[TASK DIRECTIONS] Using the entries that follow, transcribe only the lines from the line with "With the first" to the line with "In her hands, even", both included, exactly as they stand and without pictures.

[EXTRACTED INFORMATION]
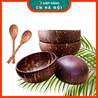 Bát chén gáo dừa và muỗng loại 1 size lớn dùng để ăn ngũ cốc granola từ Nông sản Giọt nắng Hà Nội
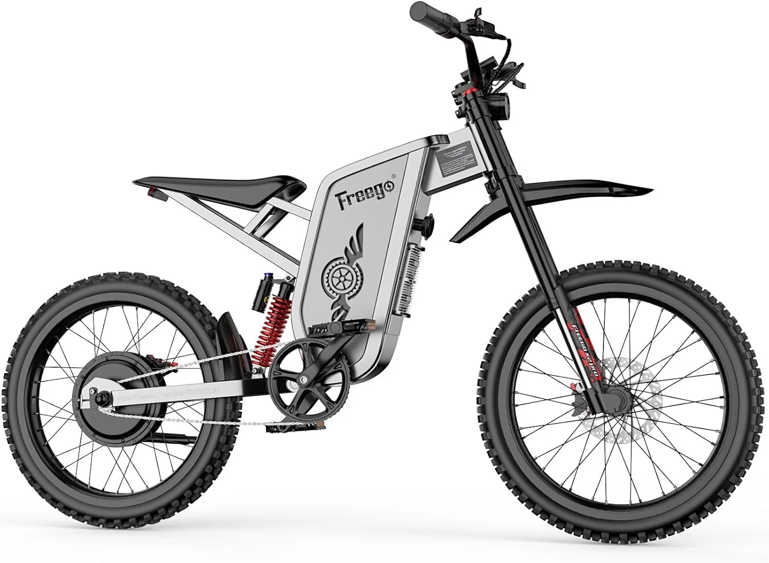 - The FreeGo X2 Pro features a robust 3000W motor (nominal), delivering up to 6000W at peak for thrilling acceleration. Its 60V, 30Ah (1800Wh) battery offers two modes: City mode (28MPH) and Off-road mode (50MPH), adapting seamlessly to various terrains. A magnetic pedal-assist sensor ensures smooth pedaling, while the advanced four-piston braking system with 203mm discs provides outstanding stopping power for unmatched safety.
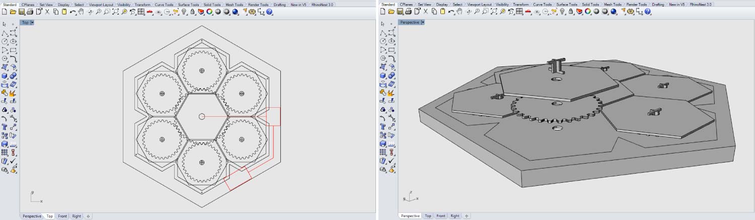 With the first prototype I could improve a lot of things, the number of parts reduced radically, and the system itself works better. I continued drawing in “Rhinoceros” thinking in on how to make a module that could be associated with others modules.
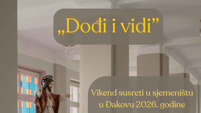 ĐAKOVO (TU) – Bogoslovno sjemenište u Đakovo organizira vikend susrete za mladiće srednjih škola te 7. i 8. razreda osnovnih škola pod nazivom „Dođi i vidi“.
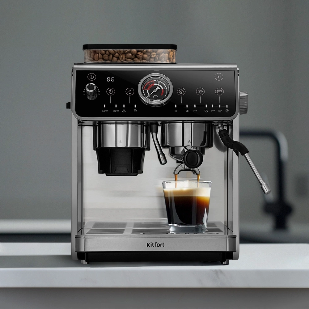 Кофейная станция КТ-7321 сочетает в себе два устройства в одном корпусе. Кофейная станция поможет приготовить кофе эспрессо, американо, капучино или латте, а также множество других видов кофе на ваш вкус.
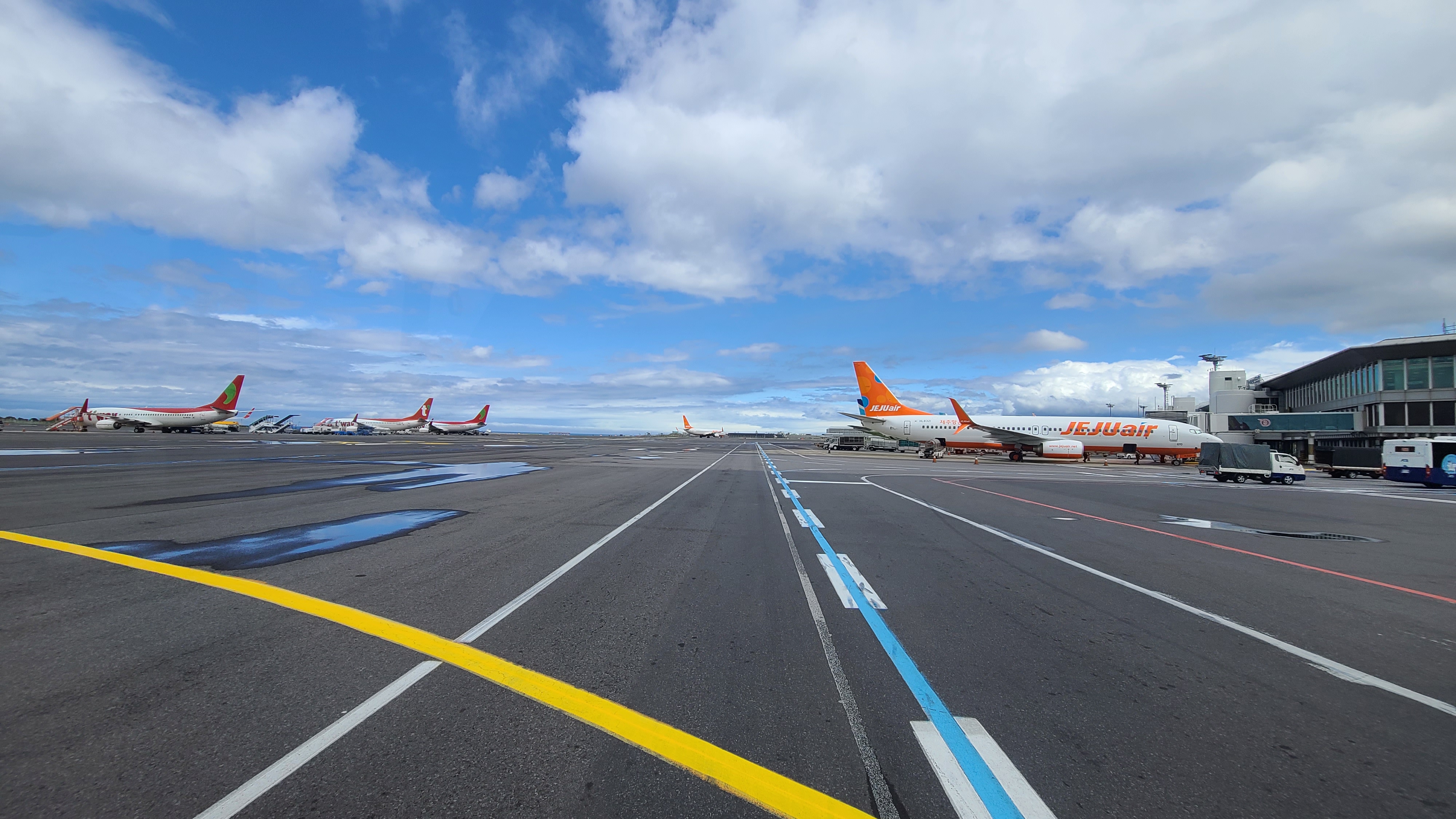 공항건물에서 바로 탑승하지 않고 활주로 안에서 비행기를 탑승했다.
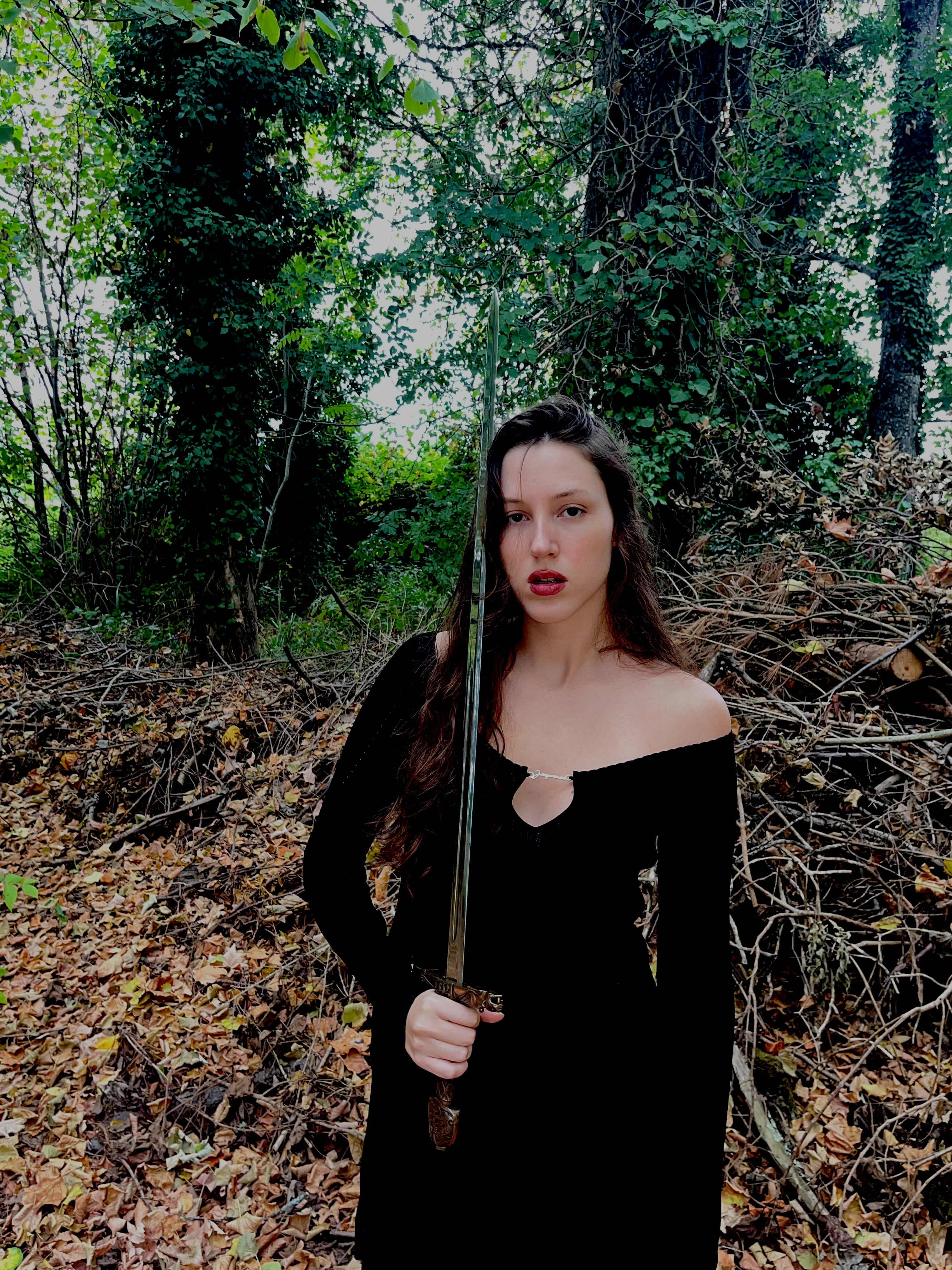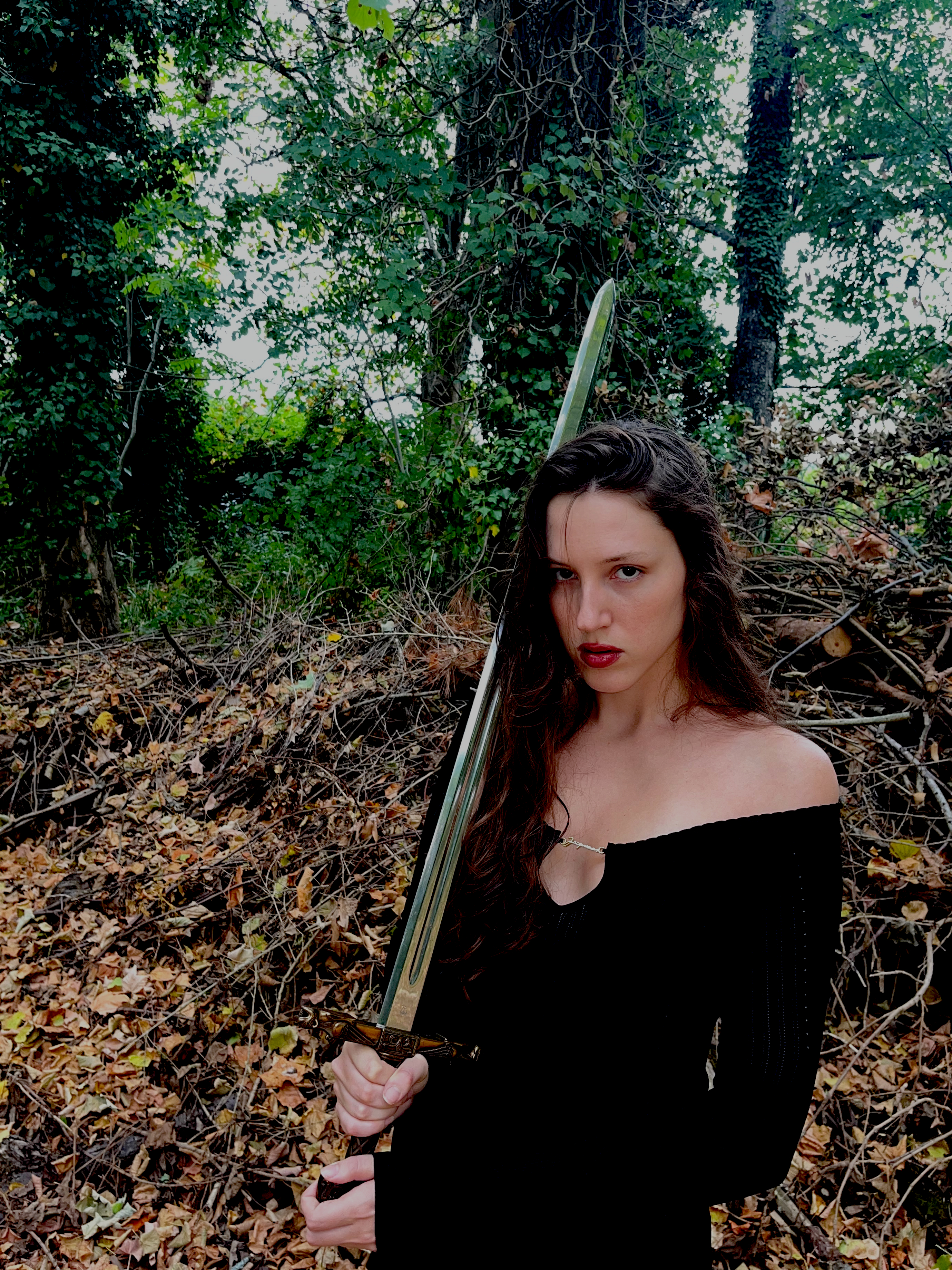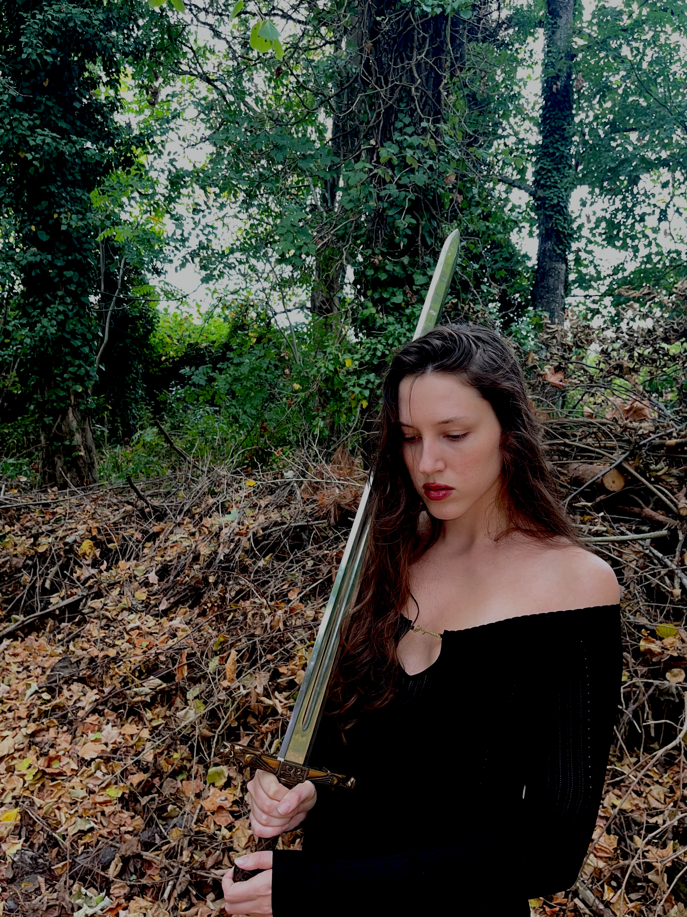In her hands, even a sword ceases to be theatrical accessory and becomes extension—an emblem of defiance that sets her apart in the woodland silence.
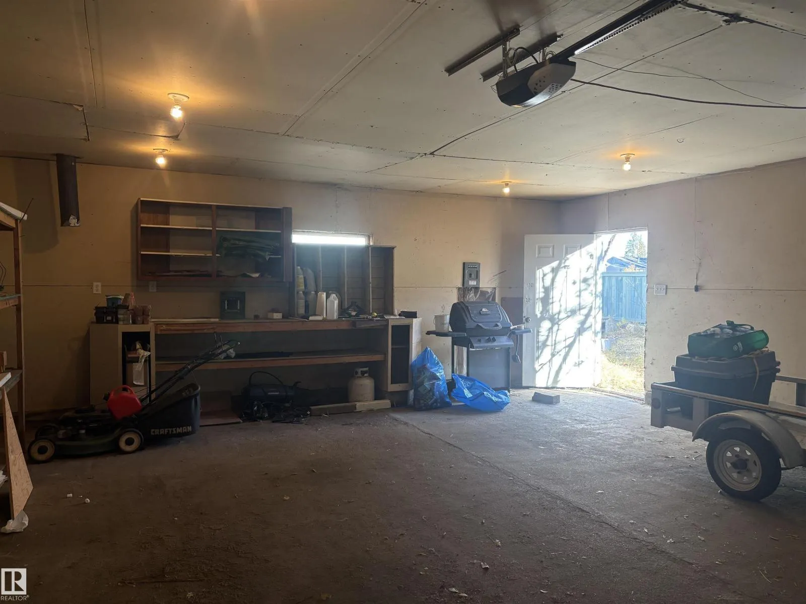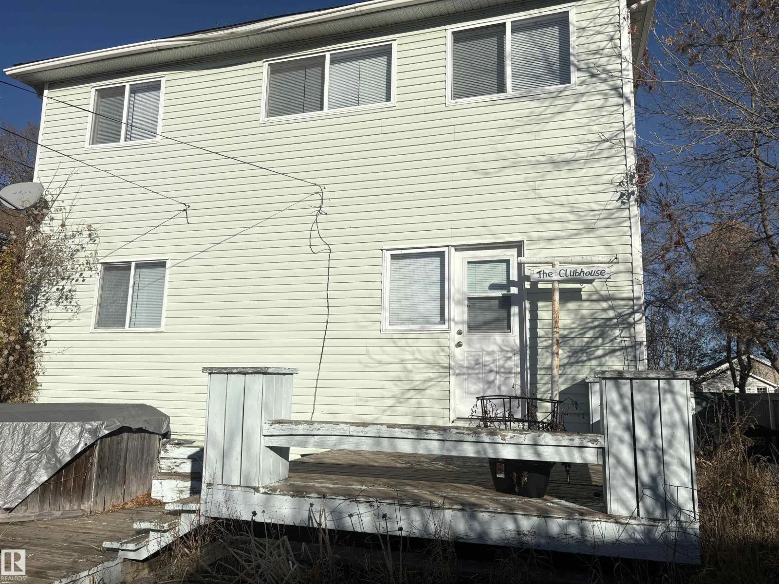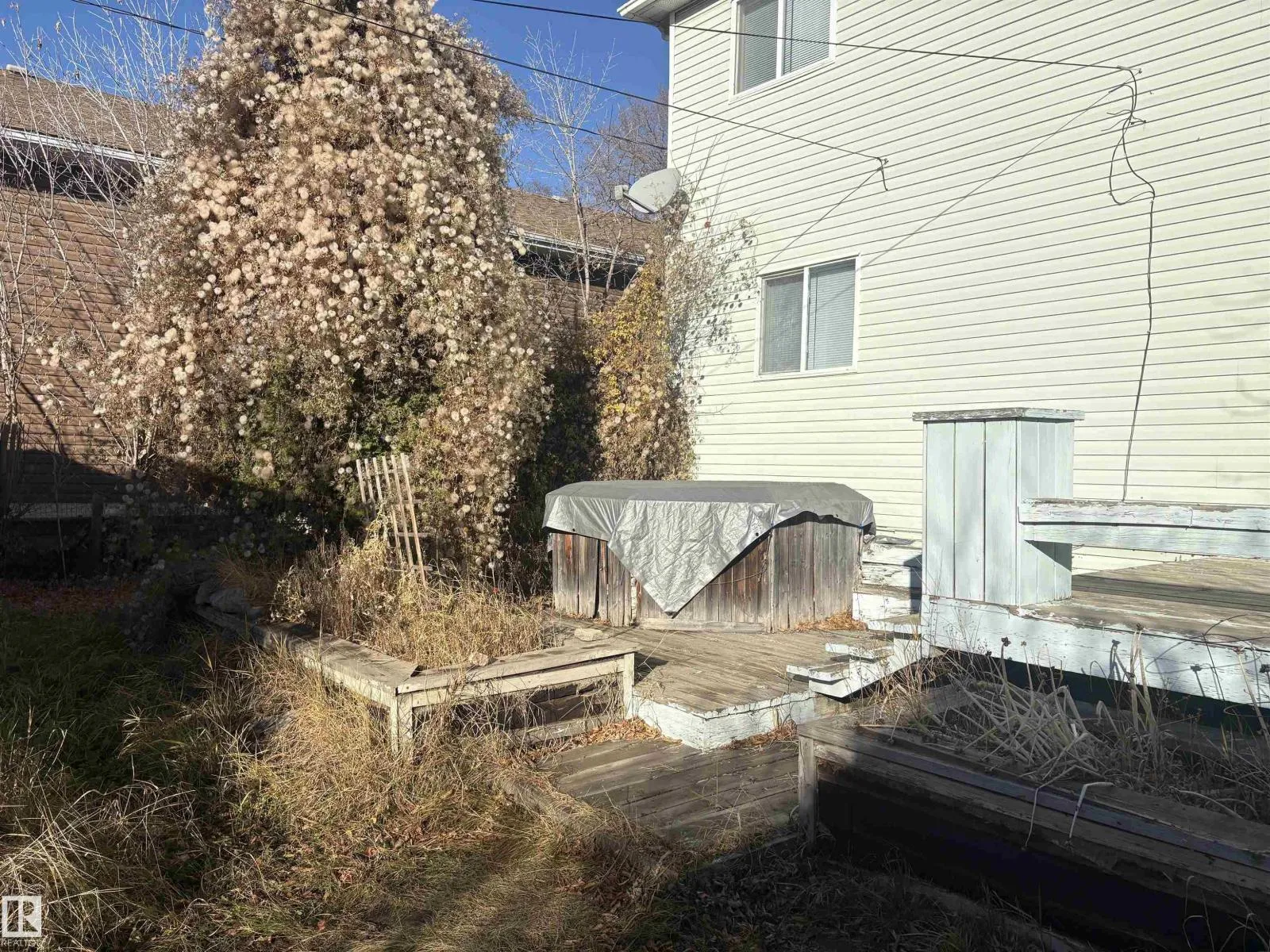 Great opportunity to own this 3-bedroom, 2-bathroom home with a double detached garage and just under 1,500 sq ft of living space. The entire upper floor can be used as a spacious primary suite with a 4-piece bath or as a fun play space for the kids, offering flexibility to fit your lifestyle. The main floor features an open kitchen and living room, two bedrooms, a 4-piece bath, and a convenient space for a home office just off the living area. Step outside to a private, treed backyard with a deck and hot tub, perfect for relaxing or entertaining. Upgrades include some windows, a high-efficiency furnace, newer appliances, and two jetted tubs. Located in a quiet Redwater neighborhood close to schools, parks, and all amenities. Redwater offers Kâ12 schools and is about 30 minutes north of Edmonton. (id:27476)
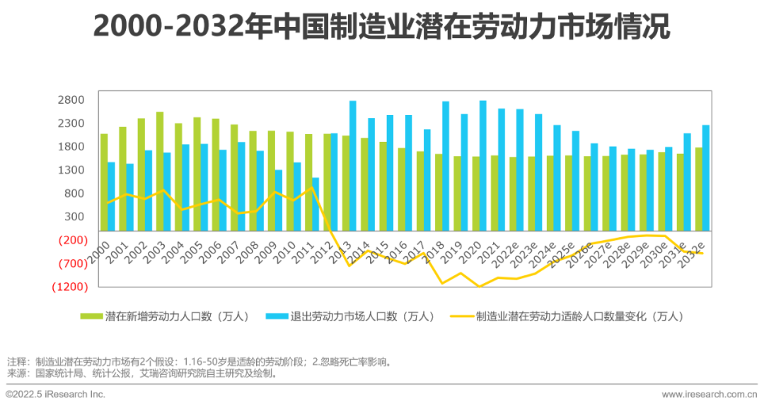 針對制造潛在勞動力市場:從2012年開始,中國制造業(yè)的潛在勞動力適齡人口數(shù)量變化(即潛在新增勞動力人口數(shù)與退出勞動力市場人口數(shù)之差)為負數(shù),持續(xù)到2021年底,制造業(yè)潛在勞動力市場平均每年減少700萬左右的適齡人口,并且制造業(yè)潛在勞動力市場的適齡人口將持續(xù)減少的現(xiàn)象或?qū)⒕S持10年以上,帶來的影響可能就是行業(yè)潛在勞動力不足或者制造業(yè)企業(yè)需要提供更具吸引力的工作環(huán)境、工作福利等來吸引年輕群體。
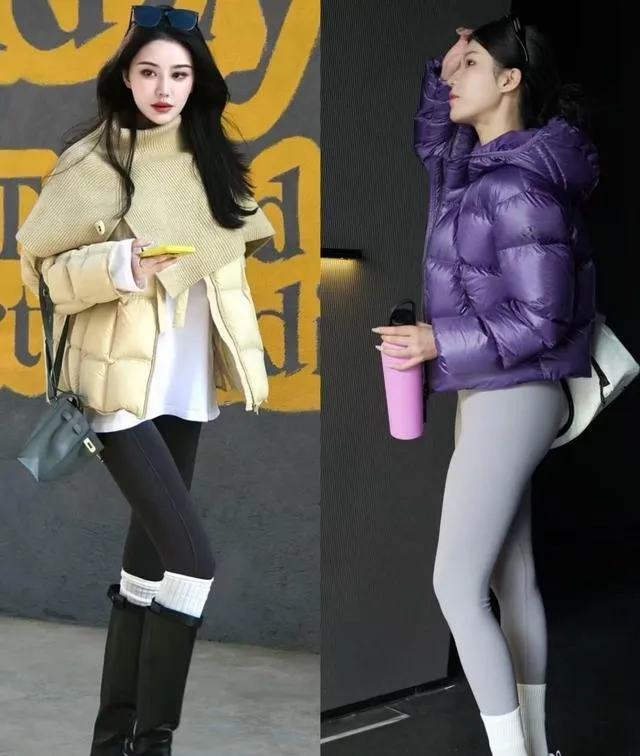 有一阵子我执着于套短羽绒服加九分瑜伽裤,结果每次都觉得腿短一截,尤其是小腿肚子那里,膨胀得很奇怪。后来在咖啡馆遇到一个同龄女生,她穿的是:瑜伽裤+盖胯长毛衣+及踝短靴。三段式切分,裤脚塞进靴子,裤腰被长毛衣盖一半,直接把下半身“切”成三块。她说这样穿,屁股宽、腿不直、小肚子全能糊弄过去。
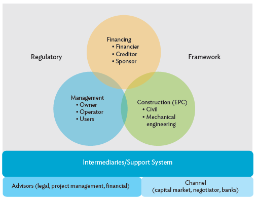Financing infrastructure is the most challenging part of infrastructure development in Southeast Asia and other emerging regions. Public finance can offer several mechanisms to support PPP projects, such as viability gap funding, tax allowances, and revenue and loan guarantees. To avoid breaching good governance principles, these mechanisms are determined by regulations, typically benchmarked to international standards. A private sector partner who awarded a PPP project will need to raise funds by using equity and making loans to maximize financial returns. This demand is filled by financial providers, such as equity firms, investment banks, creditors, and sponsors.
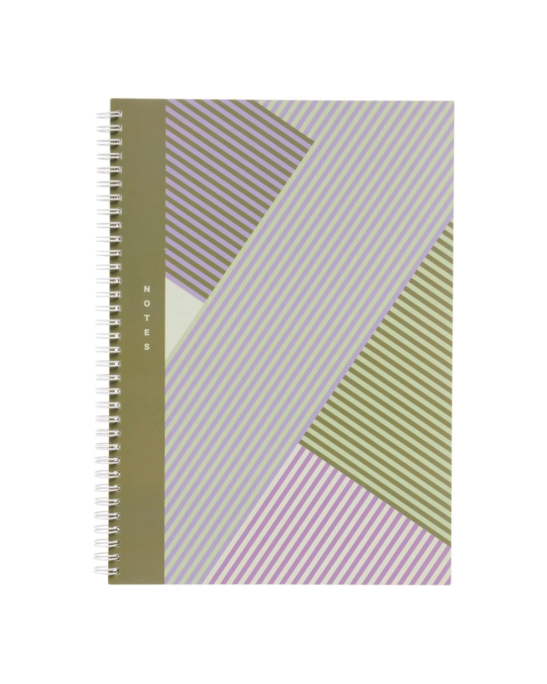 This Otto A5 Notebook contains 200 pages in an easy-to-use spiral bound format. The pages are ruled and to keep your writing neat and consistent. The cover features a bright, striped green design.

[WRITTEN RESPONSE]
 With the first prototype I could improve a lot of things, the number of parts reduced radically, and the system itself works better. I continued drawing in “Rhinoceros” thinking in on how to make a module that could be associated with others modules.
 ĐAKOVO (TU) – Bogoslovno sjemenište u Đakovo organizira vikend susrete za mladiće srednjih škola te 7. i 8. razreda osnovnih škola pod nazivom „Dođi i vidi“.
 Кофейная станция КТ-7321 сочетает в себе два устройства в одном корпусе. Кофейная станция поможет приготовить кофе эспрессо, американо, капучино или латте, а также множество других видов кофе на ваш вкус.
 공항건물에서 바로 탑승하지 않고 활주로 안에서 비행기를 탑승했다.
In her hands, even a sword ceases to be theatrical accessory and becomes extension—an emblem of defiance that sets her apart in the woodland silence.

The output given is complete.